Повторяет попытку привести Тею в чувства, но она не поддается его действиям. Что за запах? О’Брайен клонит голову к лицу девчонки, чувствуя, как её кожа пахнет какими-то медикаментами. Что он ей подсунул?!
Надо отвезти её в больницу. Это первичная задача. Остальное — потом. Всё — потом.

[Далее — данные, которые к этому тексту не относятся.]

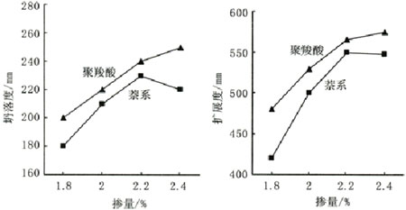 混凝土工作性,總體上可分為流動性指標和穩定性指標。摻加聚羧酸減水劑的混凝土和易性比較好,在較高的摻量或較高用水量時也不會發生明顯的離析、泌水,混凝土在模板中的沉降也較小,也就是說從穩定性指標來說,聚羧酸減水劑與水泥的適應性要明顯好于萘系減水劑。但從流動性指標來說,并不盡然。

Вскакивает, подбегая к тумбе, и хватает связку ключей, когда за спиной слышит тихий полустон, говорящий о боли, что испытывает девушка, предприняв попытку вырваться из помутнения. Дилан бросается к ней, пытаясь аккуратно воздействовать на хрупкое тело, кто знает, что этот урод успел повредить ей:
— Я отвезу тебя в больницу, — говорит с Оушин, тем самым пытаясь успокоить не только девушку, но и себя. — Да черт… Роббин! — слышит возню на втором этаже. Эта женщина всё-таки выпила, так крепко спит только после водки. Надо опрокинуть сознание в безразличие. Холодное и устойчивое состояние, которое позволит оказать помощь другому.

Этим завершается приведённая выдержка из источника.